Creating Tables in List Format
To reduce the bulk of n-way table output, add a slash (/) and the LIST option to the end of the TABLES statement. PROC FREQ then prints compact, multi-column lists instead of a series of tables.

Suppressing Table Information
You can suppress the display of specific statistics by adding one or more options to the TABLES statement:

  • NOFREQ suppresses cell frequencies
  • NOPERCENT suppresses cell percentages
  • NOROW suppresses row percentages
  • NOCOL suppresses column percentages.


Syntax

To go to the page where a statement or option was presented, select a link.


PROC MEANS <DATA=SAS-data-set>
<statistic-keyword(s)> <option(s)>
<VAR variable(s)>;
<CLASS variable(s)>;
<BY variable(s)>;
<OUTPUT out=SAS-data-set statistic=variable(s)>;
RUN;

PROC SUMMARY <DATA=SAS-data-set>
<statistic-keyword(s)> <option(s)>
<VAR variable(s)>;
<CLASS variable(s)>;
<OUTPUT out=SAS-data-set >;
RUN;

PROC FREQ <DATA=SAS-data-set>
TABLES variable-1*variable-2 <* ... variable-n>
/ <NOFREQ|NOPERCENT|NOROW|NOCOL> <LIST>;
RUN;



Sample Programs
proc means data=clinic.heart min max maxdec=1;
   var arterial heart cardiac urinary;
   class survive sex;
run;


proc summary data=clinic.diabetes;
   var age height weight;
   class sex;
   output out=work.sum_gender
      mean=AvgAge AvgHeight AvgWeight;
run; 


proc freq data=clinic.heart order=freq;
   tables sex*survive*shock / nopercent list;
run;



Points to Remember
  • In PROC MEANS, use a VAR statement to limit output to relevant variables. Exclude statistics for nominal variables such as ID or ProductCode.

  • By default, PROC MEANS prints the full width of each numeric variable. Use the MAXDEC= option to limit decimal places and to improve legibility.
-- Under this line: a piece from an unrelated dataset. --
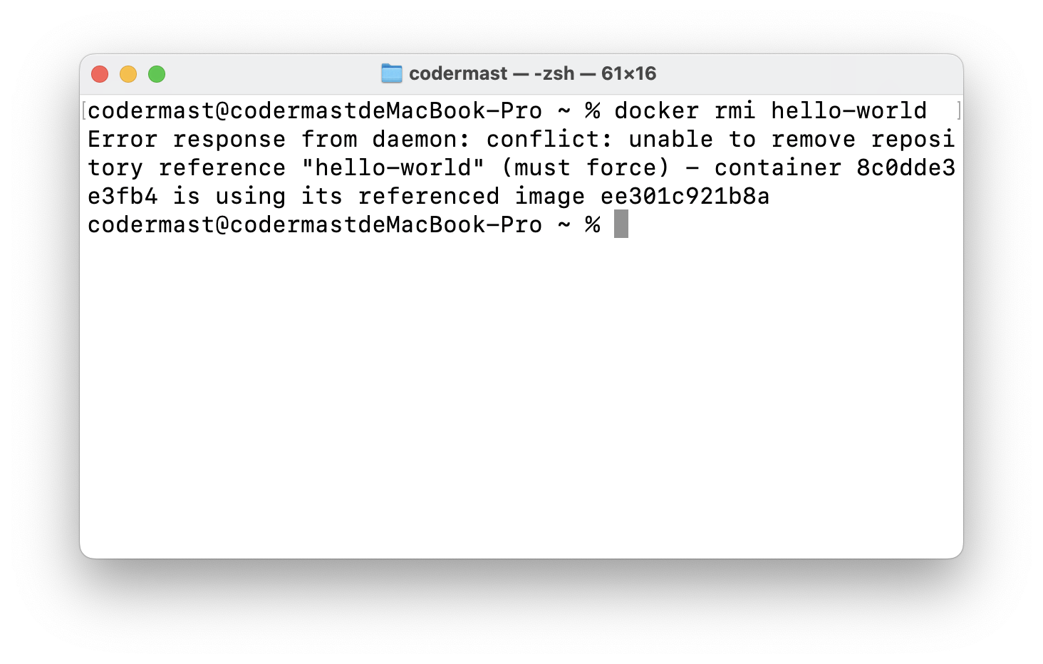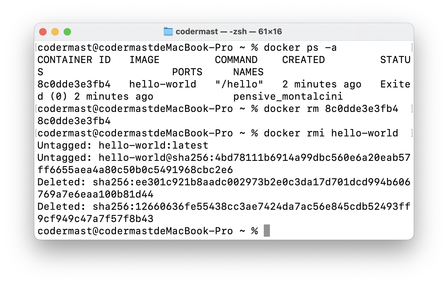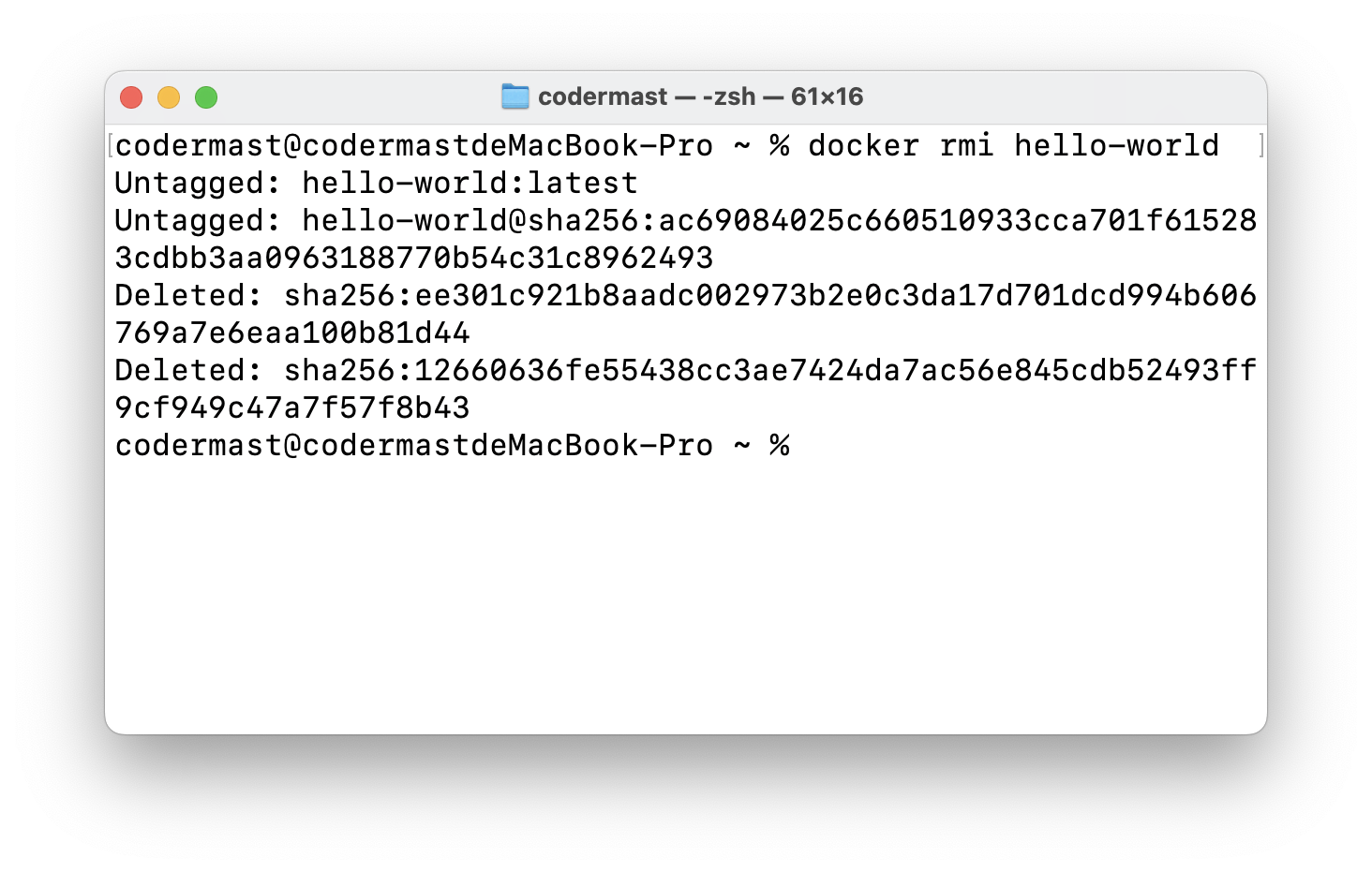 这里我们演示删除之前下载的那个 Hello-World 镜像

  • Data must be sorted for BY group processing. You might need to run PROC SORT before using PROC MEANS with a BY statement.

  • PROC MEANS and PROC SUMMARY produce the same results; however, the default output is different. PROC MEANS produces a report, whereas PROC SUMMARY produces an output data set.

  • If you do not include a TABLES statement, PROC FREQ produces statistics for every variable in the data set.

  • Variables that have continuous numeric values can create a large amount of output. Use a TABLES statement to exclude such variables, or group their values by applying a FORMAT statement.